§ **Records provided**:
● ● ● ● ● ● ●

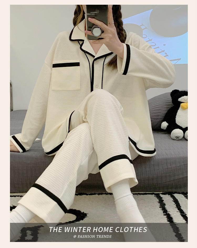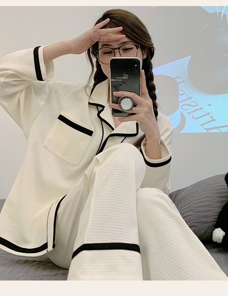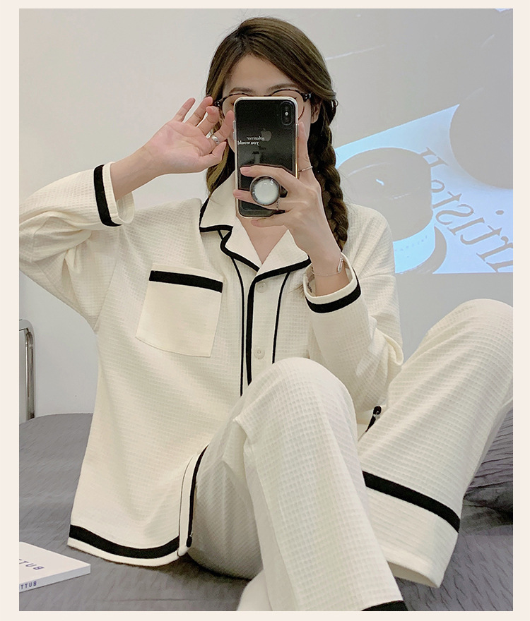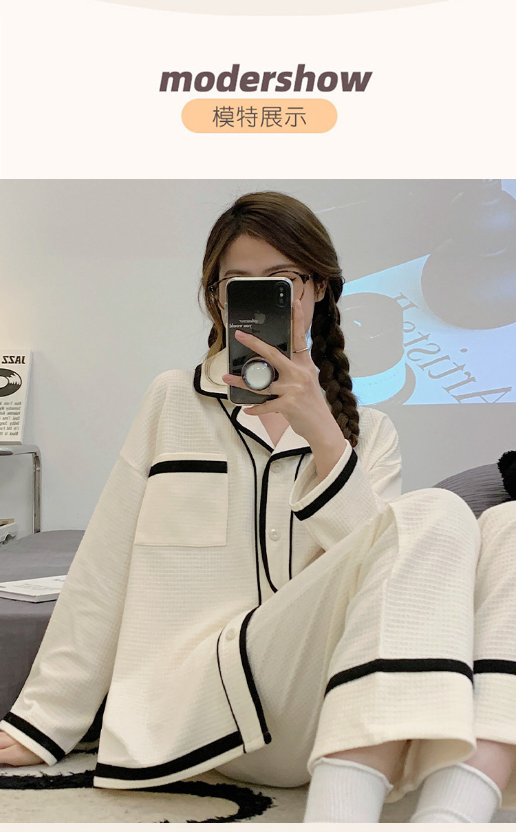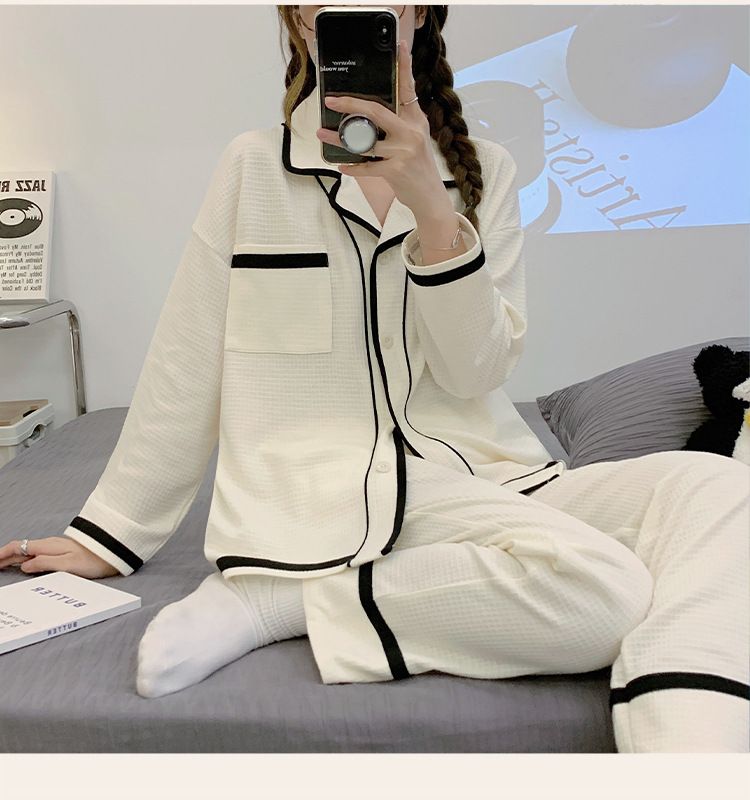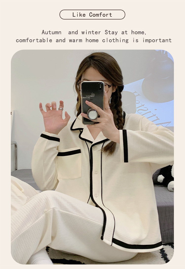 睡衣女款秋季2023年可爱简约长袖长裤两件套休闲开衫家居服可外穿
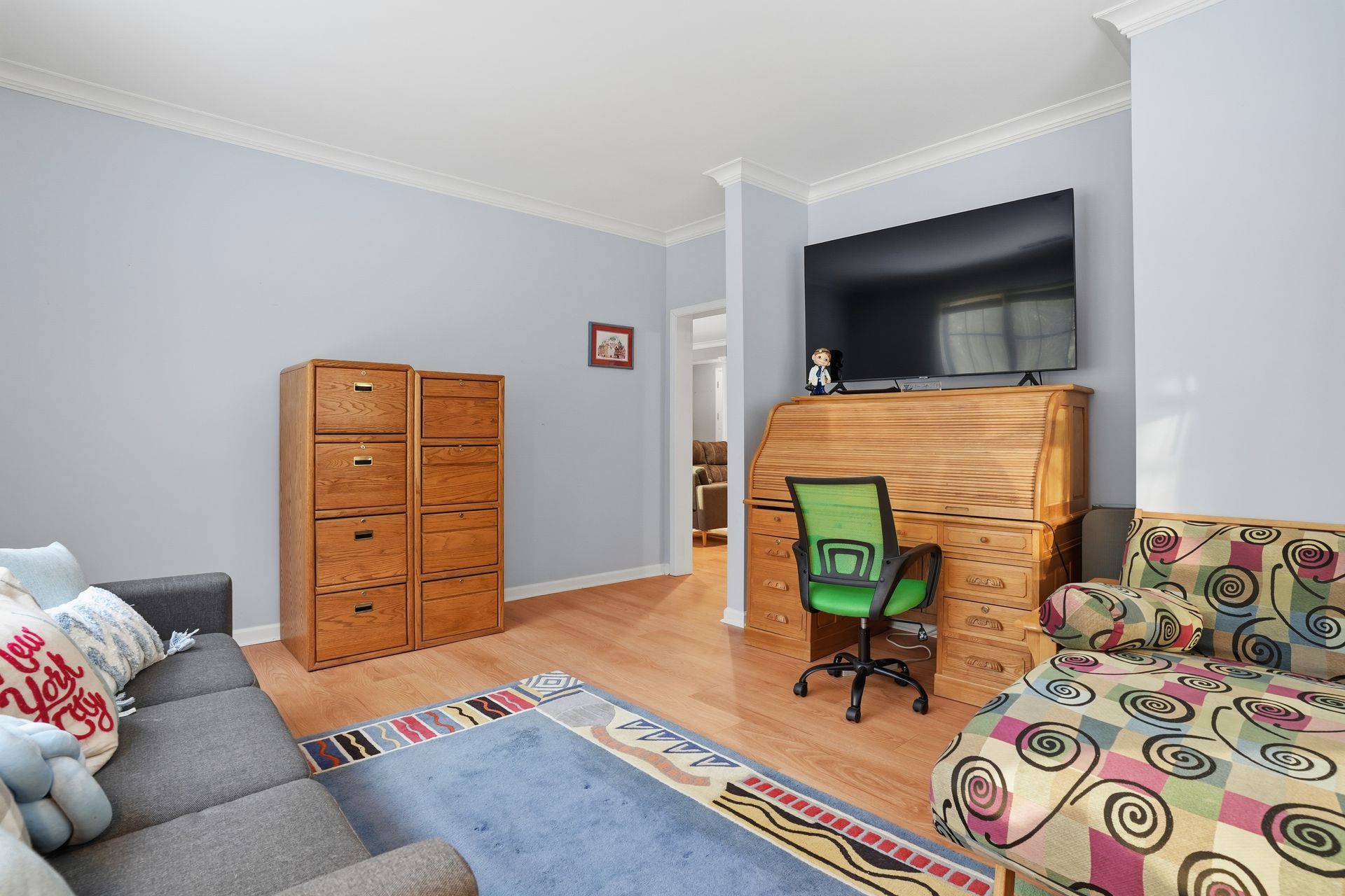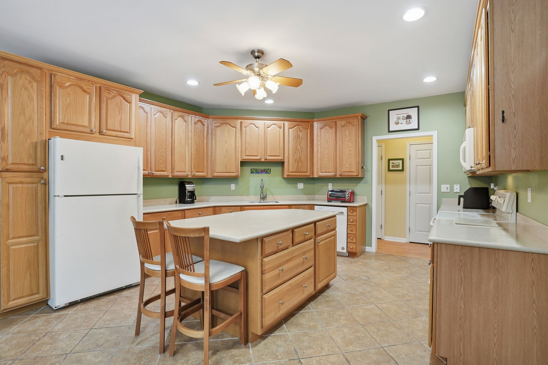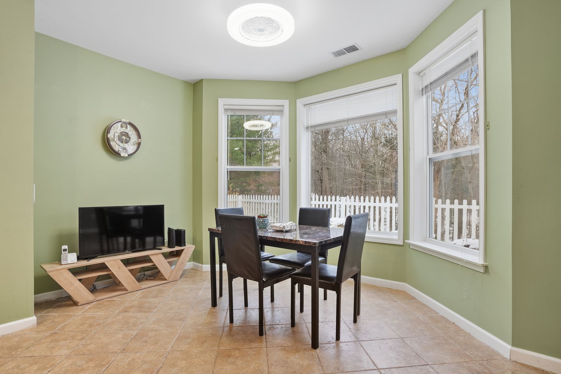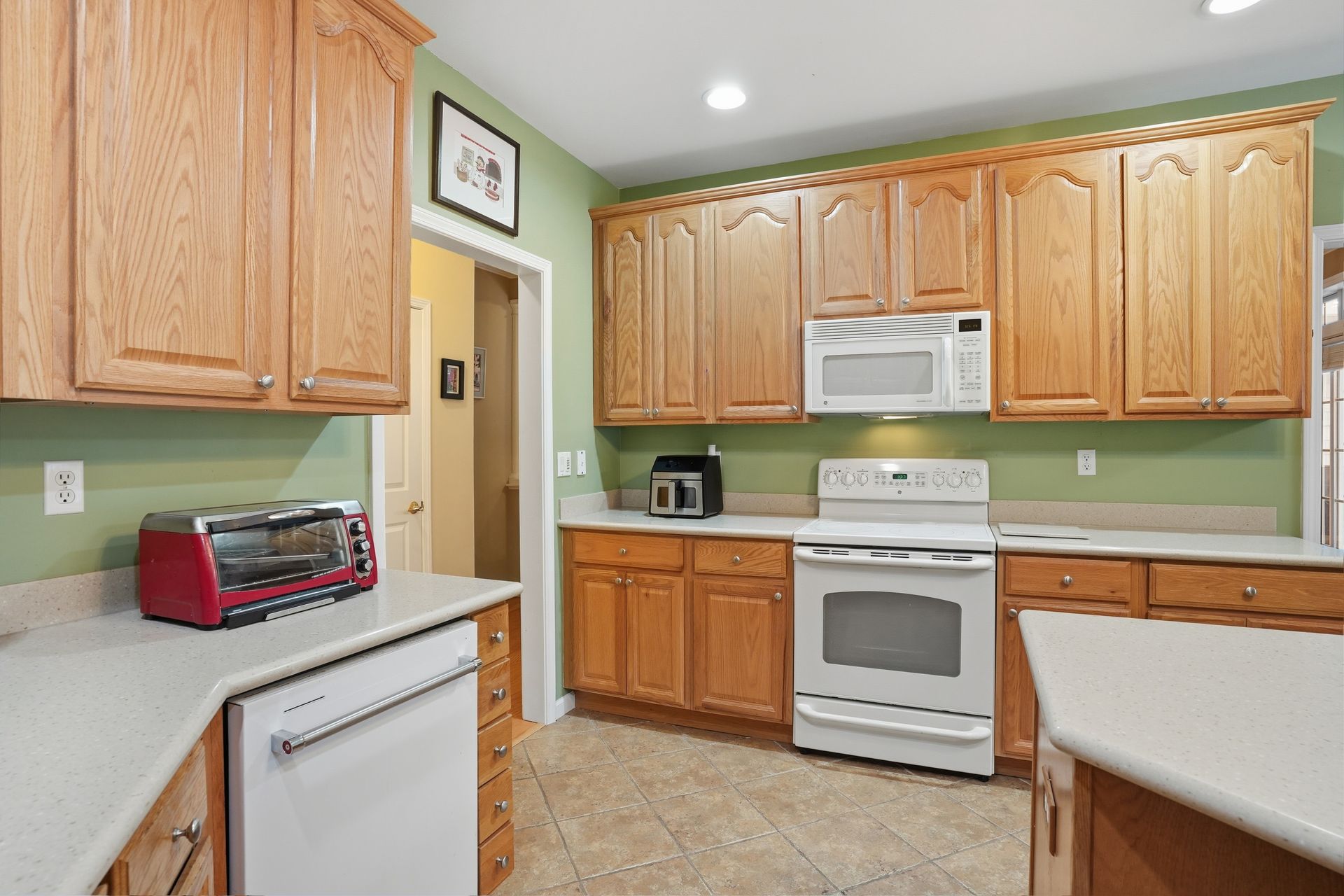Two bedroom, two and half bath garden level ranch style condo that lives like a private home. This 55+ Active Adult unit offers an open concept Living Room and Dining Room with access to the paver patio. Spacious Kitchen has a large island, solid surface counter tops, and eating area with a large bow window. Large Primary Bedroom Suite is complete with a long walk-in closet, full bath with two sink vanity, glass block window, tub and separate shower. Library offers multiple uses: office, den, etc. Second bedroom is ensuite with a full bath. Beautiful moldings throughout, gas fireplace in Living Room. Community offers a Clubhouse, inground pool and more. Unit has nine-foot ceilings, a two-car garage and separate storage area. Monthly common charge is $650. Newer dishwasher, flooring and newer HVAC system. This condo offers privacy within a community.
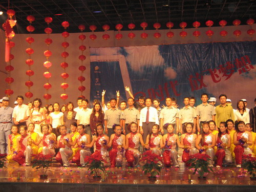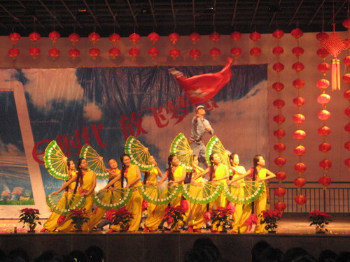对于刚刚军训完毕的2007级新生来说,这是他们离开亲人的第一个节日,同样也是一个充满温暖与激情的节日。7点整,晚会在欢快的气氛中拉开了序幕,烟花齐放,渲染了浓厚的节日气氛。樱花舞的旋律在光彩夺目的烟花中慢慢响起,同学们伴着欢乐的旋律纷纷起舞,他们优美的舞姿博得阵阵欢呼。一曲作罢,辅导员和军训教官也献出了自己精心准备的节目。“校园歌曲组合”﹑“中华武术” 等节目将会场气氛推向高潮。
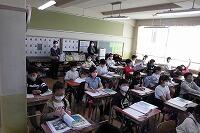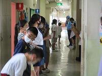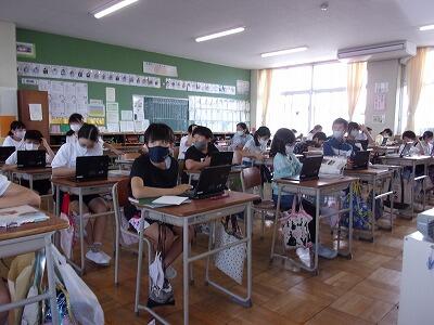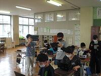 オンラインでの健康チェックにより、スムーズに教室へ入れるようになり、密になるのが解消されています。保護者の皆様の御協力,ありがとうございます。
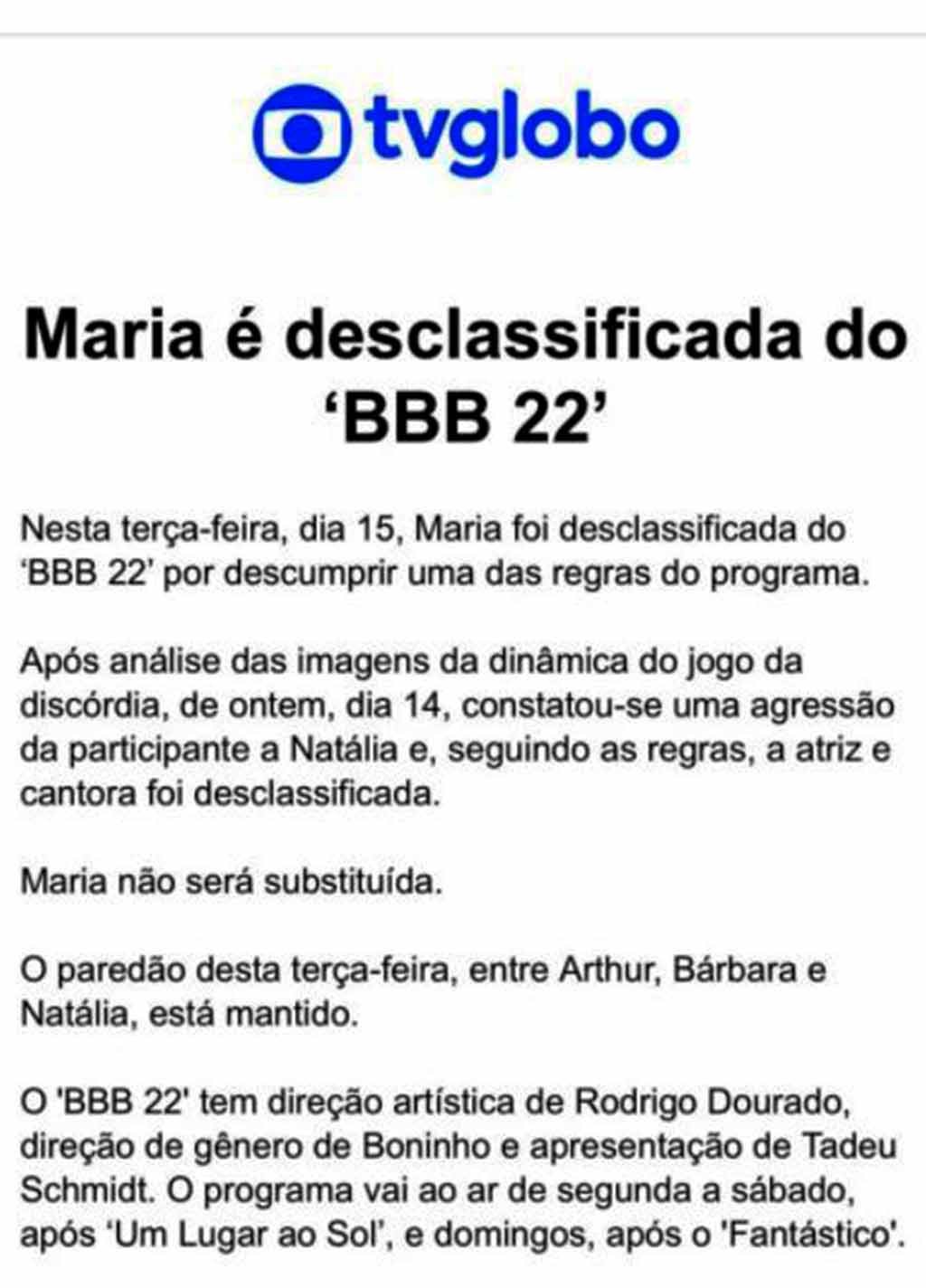Leia nota na íntegra  “Maria é desclassifica do ‘BBB 22’
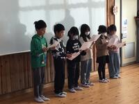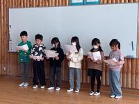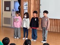 1年生は2〜6年生宛てに書いた手紙を発表しました。それぞれの学年に宛てた手紙は、心がこもっていて微笑ましいものでした。 2年生は「ありがとう」の詩を発表しました。家の人や友達に感謝の気持ちが届く内容でした。 3・4年生は手話で「赤鼻のトナカイ」と「手のひらを太陽に」を歌いながら紹介しました。 5・6年生は「思いやり」と「時間を守る」をテーマとした寸劇を行いました。
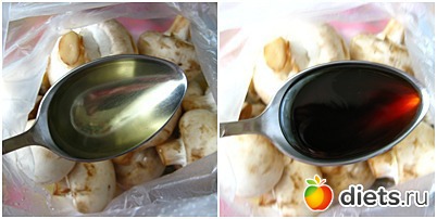 Завязать пакет и хорошенько его потрясти, оставить грибы мариноваться 10-15 минут.
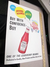 HEINZ KETCHUP CATSUP bottle 1960s advertising store sign cartoon kid balloons
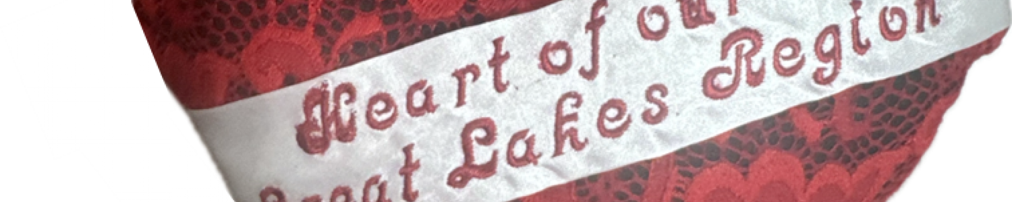We honor and bless the leaders in our Region with a handmade "Heart of the Great Lakes" pillow, made from satin, lace and embroidery. It is an appreciation gift/award commissioned and made just for them. .

● ● ● ● ● ● ●

§ **What to do**: Would you transcribe all of the data exactly, omitting any pictures?

§ **Solution below**:
 睡衣女款秋季2023年可爱简约长袖长裤两件套休闲开衫家居服可外穿
Two bedroom, two and half bath garden level ranch style condo that lives like a private home. This 55+ Active Adult unit offers an open concept Living Room and Dining Room with access to the paver patio. Spacious Kitchen has a large island, solid surface counter tops, and eating area with a large bow window. Large Primary Bedroom Suite is complete with a long walk-in closet, full bath with two sink vanity, glass block window, tub and separate shower. Library offers multiple uses: office, den, etc. Second bedroom is ensuite with a full bath. Beautiful moldings throughout, gas fireplace in Living Room. Community offers a Clubhouse, inground pool and more. Unit has nine-foot ceilings, a two-car garage and separate storage area. Monthly common charge is $650. Newer dishwasher, flooring and newer HVAC system. This condo offers privacy within a community.
对于刚刚军训完毕的2007级新生来说,这是他们离开亲人的第一个节日,同样也是一个充满温暖与激情的节日。7点整,晚会在欢快的气氛中拉开了序幕,烟花齐放,渲染了浓厚的节日气氛。樱花舞的旋律在光彩夺目的烟花中慢慢响起,同学们伴着欢乐的旋律纷纷起舞,他们优美的舞姿博得阵阵欢呼。一曲作罢,辅导员和军训教官也献出了自己精心准备的节目。“校园歌曲组合”﹑“中华武术” 等节目将会场气氛推向高潮。
 オンラインでの健康チェックにより、スムーズに教室へ入れるようになり、密になるのが解消されています。保護者の皆様の御協力,ありがとうございます。
Leia nota na íntegra  “Maria é desclassifica do ‘BBB 22’
 1年生は2〜6年生宛てに書いた手紙を発表しました。それぞれの学年に宛てた手紙は、心がこもっていて微笑ましいものでした。 2年生は「ありがとう」の詩を発表しました。家の人や友達に感謝の気持ちが届く内容でした。 3・4年生は手話で「赤鼻のトナカイ」と「手のひらを太陽に」を歌いながら紹介しました。 5・6年生は「思いやり」と「時間を守る」をテーマとした寸劇を行いました。
 Завязать пакет и хорошенько его потрясти, оставить грибы мариноваться 10-15 минут.
 HEINZ KETCHUP CATSUP bottle 1960s advertising store sign cartoon kid balloons
We honor and bless the leaders in our Region with a handmade "Heart of the Great Lakes" pillow, made from satin, lace and embroidery. It is an appreciation gift/award commissioned and made just for them. .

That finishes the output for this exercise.